I then again attached the strut rod I made to the bolt and made a nice cardboard template. Took that and transferred it to a piece of 3/16 flat stock answer shaped her to fit. Sorry I didn't take any pictures of that, bit of a brain fart. So I attached my plate to the strut rod, with all the spacers and such in place and lightly bolted it to gather to see where itd naturally sit.
I then tacked it to the frame, removed the strut rod again and burned her in tight.
Let those cool down and bolted the rod in for its final time. Torqued all the hardware down proper (downside of the frame side attachment, it was a touch difficult to get a wrench in to hold the bolt still while I Torqued it, but not undo able. A standard combo wrench fit in nicely once I figured out the angle to attack it from.

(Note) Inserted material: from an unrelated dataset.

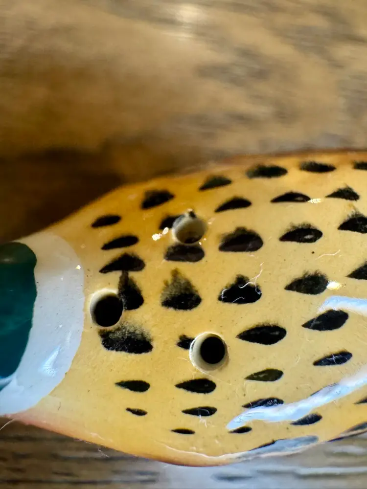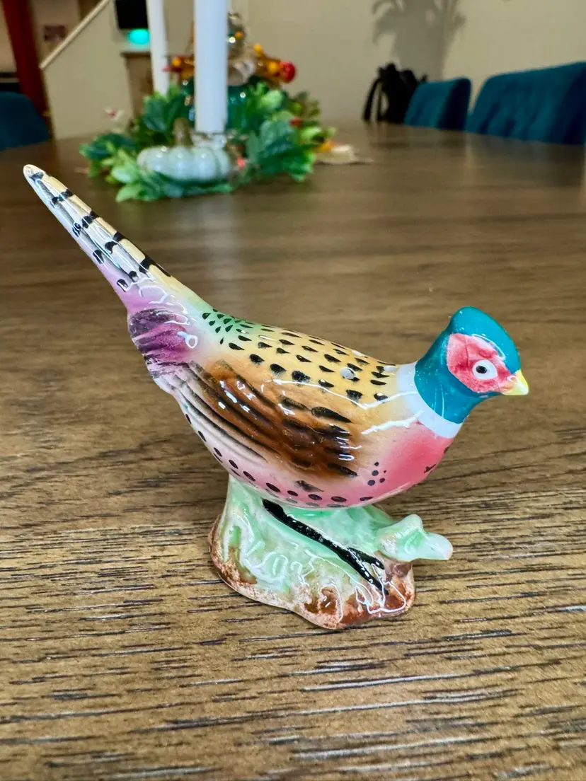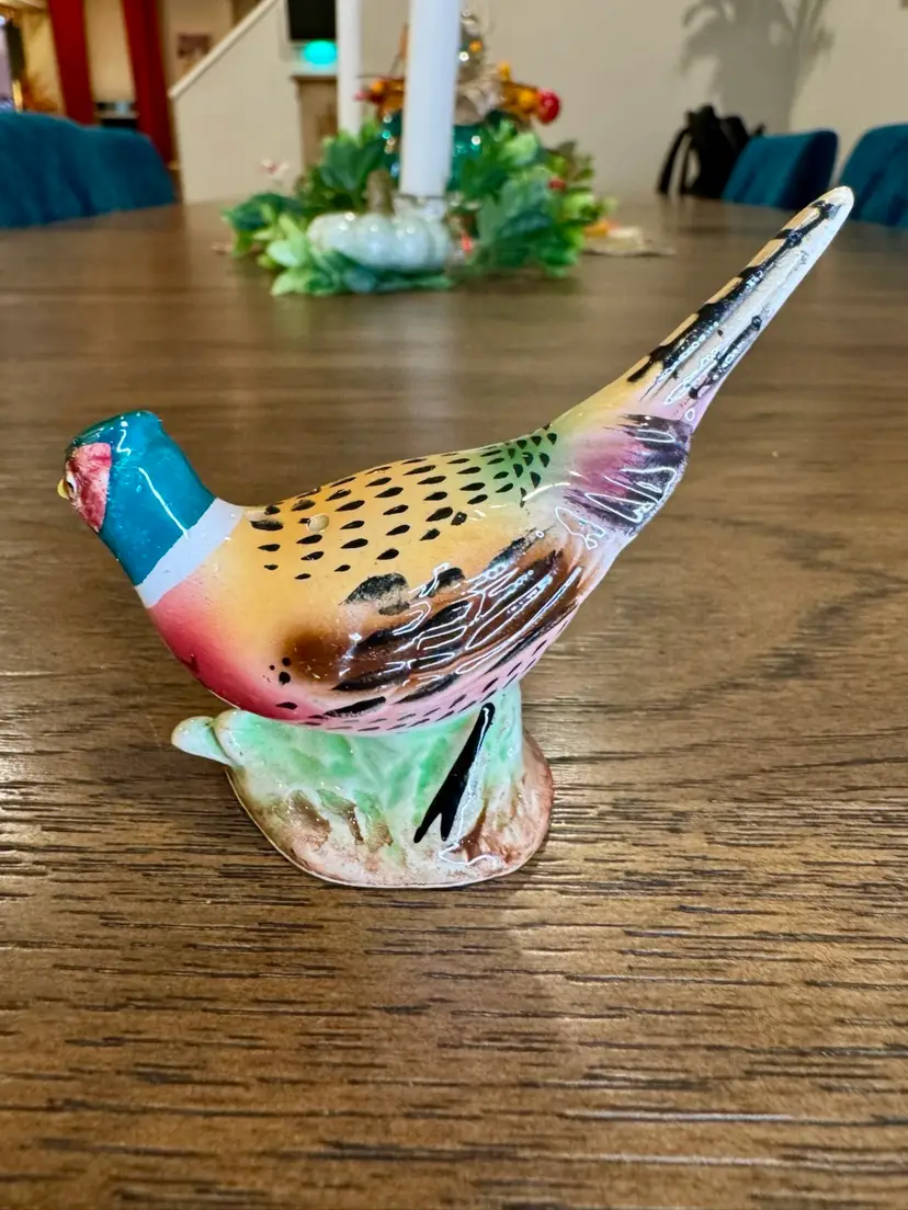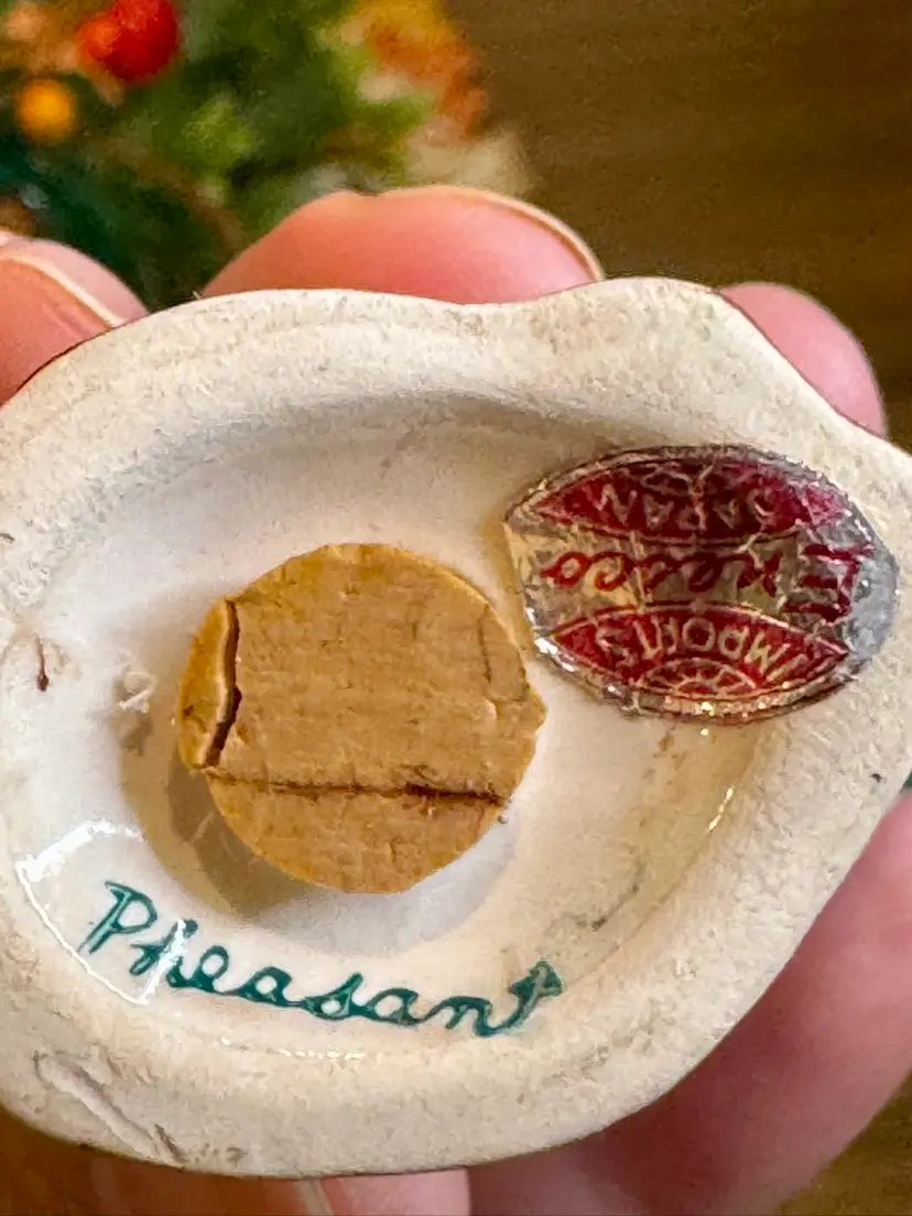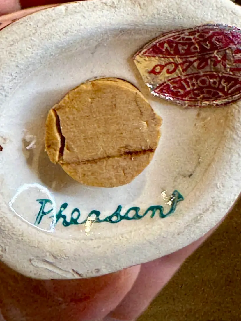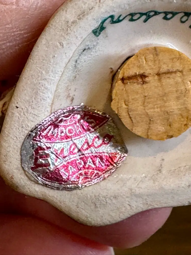 foil sticker that reads "MADE IN JAPAN" and "ENESCO." This sticker is a maker's mark often found on vintage ceramic figurines and collectibles, particularly those from the mid-20th century. 2.5 x 3 inches

I then used a small pipe wrench to turn my homemade adjusters and rough set the caster on the car with a tape measure (from measurements from the lower arm to spots on the frame that i tool before removing the rod initially) similar to what ithe was set before I started the projectime, only a touch heavier on the caster as I read the full size cars like it. Then I set the wheels on it and turned it to full lock.
Boom. Tons of clearance between all the moving components, no interference with steering, all looking good. Took her out for a test drive and boy, what a difference. Steering and braking are nice and tight, no more pulling to one side, and the car also feels tons better at speed. No more wishy-washy feeling while changing lanes at highway speeds. If I ever get another full size Chevy, this is going to be the first mod I do. All and all, I have less than 100 bucks tied up in this, and I thing most people could do this at home. Just gotta find a friend that can turn the rod itself down to the proper size for threading. I don't think it's far off either, the rod with paint on it being something around .780 if I recall. Get it to the proper size, and you could do the rest yourself with a hand die to cut the threads. The metal wasn't at all hard and was quite easy to cut.
Anyway, I hope you guys like the write up, and hope it helps out someone in the future, so they don't have to go through the same bull I did to come to the conclusion of simply doing it myself and winging it.